▶ Required work
Everything in the listing below needs restating exactly, apart from the pictures.

START Data provided

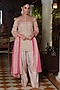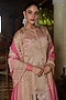 Featuring a mocha brown kurta in chanderi silk, cotton and glazed organza base with embroidery. It is paired with embroidered farshi salwar pants, including a mocha and fandango pink dupatta. Style this designer kurta set look with chandbali earrings, a chic potli, and mojaris for the perfect engagement or a festive outfit.
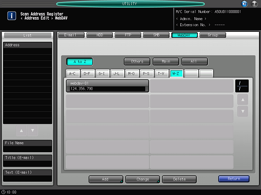 Register a WebDAV server. Sending scan data to an WebDAV server is made easy by registering the WebDAV server as a destination.
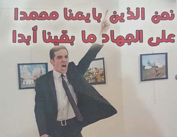 Şüphelilerden elde edilen görsel materyaller arasında idam edilen eski Irak lideri Saddam Hüseyin'in ve Rusya Ankara Büyükelçisi Andrey Karlov'u öldüren FETÖ üyesi olduğu iddia edilen polis memuru Mevlüt Mert Altındaş'ın üzerinde Arapça "Biz cihat üzerine Muhammed'e biat ettik, beklentimiz kalmadı" yazılı fotoğraf bulundu.
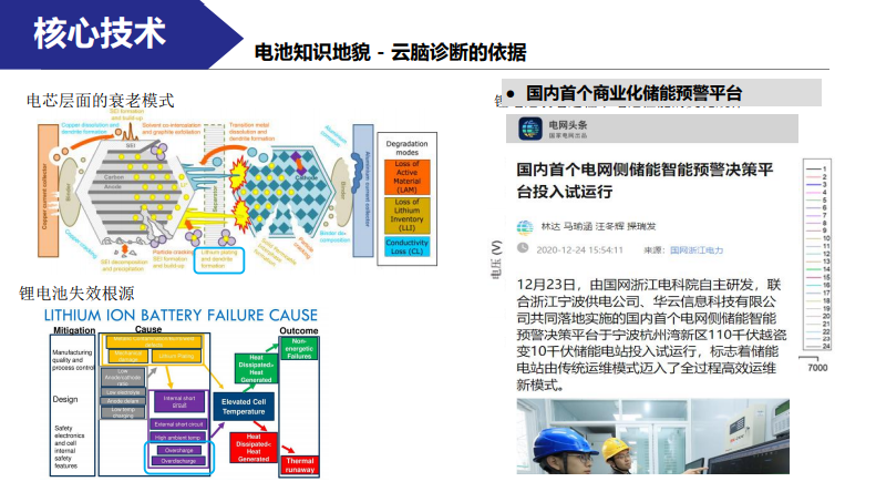 我們判斷鋰電池衰老到什么程度該讓其退役呢?依據(jù)是啥?實際上整個學術界和產(chǎn)業(yè)界對鋰電池的理解還非常淺薄,我們只是知道一些知識地貌,比如說衰老有多種模式和不同的根源并且都是隨機的。在充電過程中要是太快并在較低的溫度就容易在負極上析鋰,析鋰嚴重就會形成枝晶,而枝晶長大戳破薄膜就會導致內(nèi)短路,短路過程中釋放大量能量導致熱失控、熱蔓延等等。你可能會問,具體來說你有辦法提前判斷嗎?我們對老化鋰電池的測試中發(fā)現(xiàn)幾種微短路先兆的案例。一般正常情況下,充電過程中電壓是單調(diào)上升的,如果你看到某個電芯往下走了,這就是一個微短路先兆的案例之一。我們用這種方法跟浙江華云合作,在國網(wǎng)頭條里面有他們第一個國內(nèi)首個商業(yè)化儲能運行平臺就是我們幫他實現(xiàn)的。

END Data provided

▶ Solution
 Featuring a mocha brown kurta in chanderi silk, cotton and glazed organza base with embroidery. It is paired with embroidered farshi salwar pants, including a mocha and fandango pink dupatta. Style this designer kurta set look with chandbali earrings, a chic potli, and mojaris for the perfect engagement or a festive outfit.
 Register a WebDAV server. Sending scan data to an WebDAV server is made easy by registering the WebDAV server as a destination.
 Şüphelilerden elde edilen görsel materyaller arasında idam edilen eski Irak lideri Saddam Hüseyin'in ve Rusya Ankara Büyükelçisi Andrey Karlov'u öldüren FETÖ üyesi olduğu iddia edilen polis memuru Mevlüt Mert Altındaş'ın üzerinde Arapça "Biz cihat üzerine Muhammed'e biat ettik, beklentimiz kalmadı" yazılı fotoğraf bulundu.
 我們判斷鋰電池衰老到什么程度該讓其退役呢?依據(jù)是啥?實際上整個學術界和產(chǎn)業(yè)界對鋰電池的理解還非常淺薄,我們只是知道一些知識地貌,比如說衰老有多種模式和不同的根源并且都是隨機的。在充電過程中要是太快并在較低的溫度就容易在負極上析鋰,析鋰嚴重就會形成枝晶,而枝晶長大戳破薄膜就會導致內(nèi)短路,短路過程中釋放大量能量導致熱失控、熱蔓延等等。你可能會問,具體來說你有辦法提前判斷嗎?我們對老化鋰電池的測試中發(fā)現(xiàn)幾種微短路先兆的案例。一般正常情況下,充電過程中電壓是單調(diào)上升的,如果你看到某個電芯往下走了,這就是一個微短路先兆的案例之一。我們用這種方法跟浙江華云合作,在國網(wǎng)頭條里面有他們第一個國內(nèi)首個商業(yè)化儲能運行平臺就是我們幫他實現(xiàn)的。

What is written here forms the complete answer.